Pyridoxine-dependent seizures associated with hypophosphatasia in a newborn

• Published in: Journal of child neurology Vol. 17; no. 3; p. 222
• Main Authors: Nunes, Magda Lahorgue, Mugnol, Fabiana, Bica, Igor, Fiori, Renato Machado
• Format: Journal Article
• Language: English
• Published: United States 01.03.2002
• Subjects: Bone Density; Bone Diseases - diagnostic imaging; Consanguinity; Drug Administration Schedule; Electroencephalography; Female; Humans; Hypophosphatasia - blood; Hypophosphatasia - complications; Infant, Newborn; Pyridoxine - administration & dosage; Pyridoxine - therapeutic use; Radiography; Seizures - diagnosis; Seizures - drug therapy; Seizures - etiology
• ISSN: 0883-0738; 1708-8283
• DOI: 10.1177/088307380201700314

Pyridoxine dependency and congenital hypophosphatasia are unusual metabolic disorders.
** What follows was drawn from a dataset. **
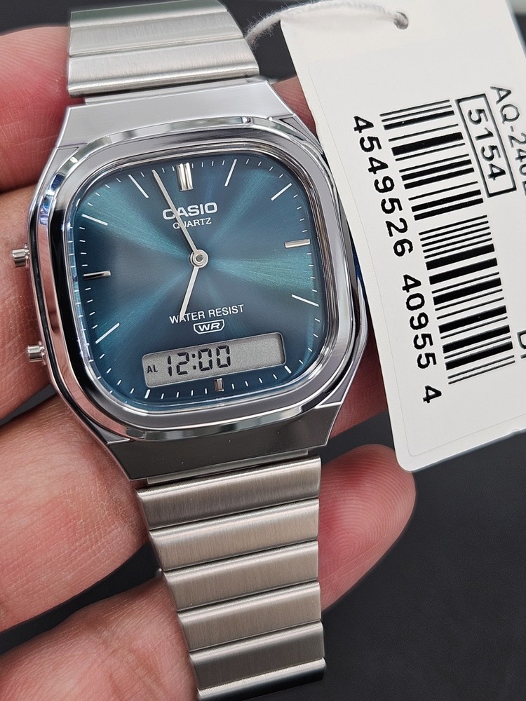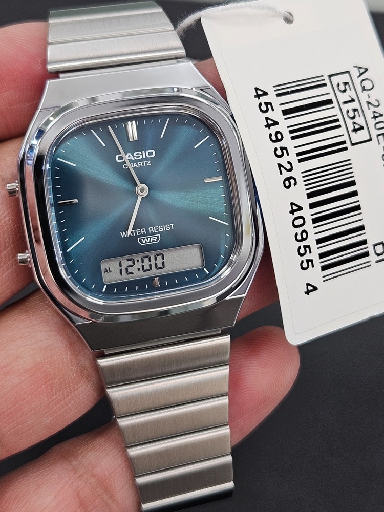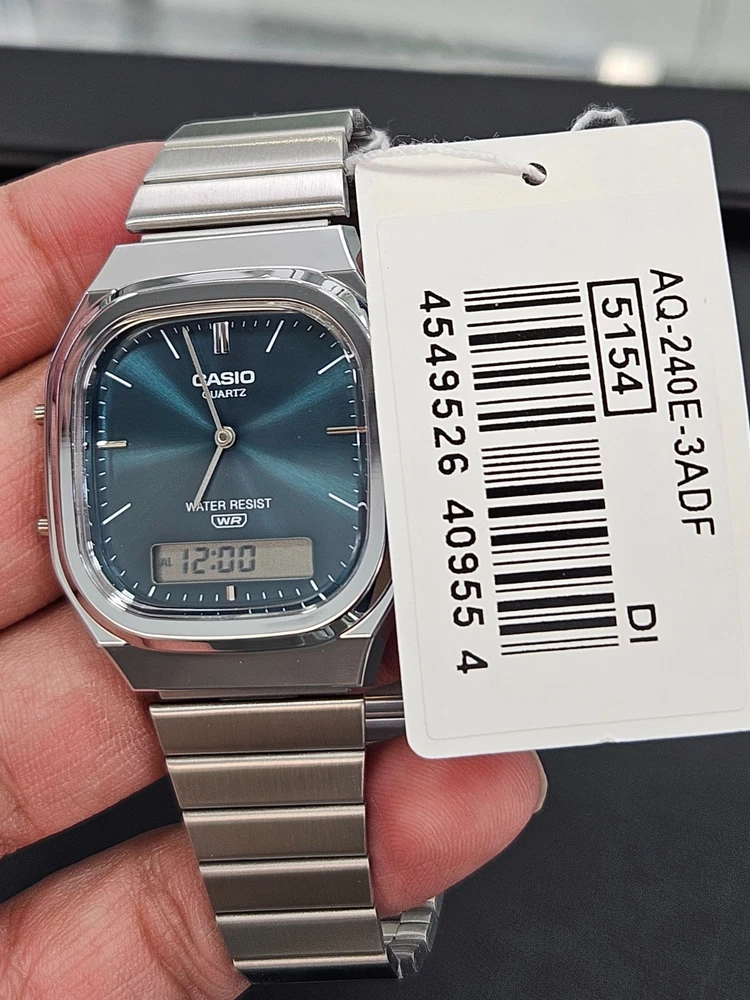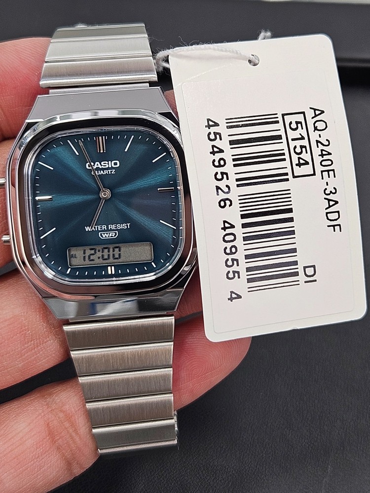 100% ORIGINAL CASIO WATCH – AUTHENTIC GUARANTEED This listing is for a brand-new Casio AQ-240E-3A analog-digital quartz watch featuring a blue sunburst dial and stainless steel bracelet. ✔ Factory original 🔹 Watch Details: Brand: Casio Model: AQ-240E-3A (AQ-240E-3ADF) Movement: Quartz Display: Analog + Digital Dial Color: Blue Case Shape: Square Case Material: Resin with chrome finish Bracelet Material: Stainless Steel Water Resistance: Water Resistant (WR) Functions: Time, Date, Alarm, Stopwatch Gender: Unisex Condition: Brand New with Tags

We report a female infant born from healthy consanguineous parents with shortening of limbs, detected during pregnancy by ultrasonography. Immediately after delivery, the baby was admitted to the neonatal intensive care unit because of respiratory distress. A bone radiograph showed hypomineralization of all bones, and serum alkaline phosphatase was very low (10 U/L). Within the first day of life, seizures (focal clonic and tonic) started. The seizures were refractory to phenobarbital and other antiepileptic drugs. The first electroencephalogram (EEG) showed a burst-suppression pattern. Pyridoxine was administered (50 mg/kg) and completely controlled the seizures. Antiepileptic drugs were discontinued, and a maintenance dose of pyridoxine (10 mg/day) was established. A postpyridoxine EEG revealed the disappearance of the burst-suppression pattern. The patient died at age 26 days. Pyridoxine-dependent seizures, when recognized early and treated, have a more favorable prognosis. However, hypophosphatasia detected at birth almost always has a lethal outcome.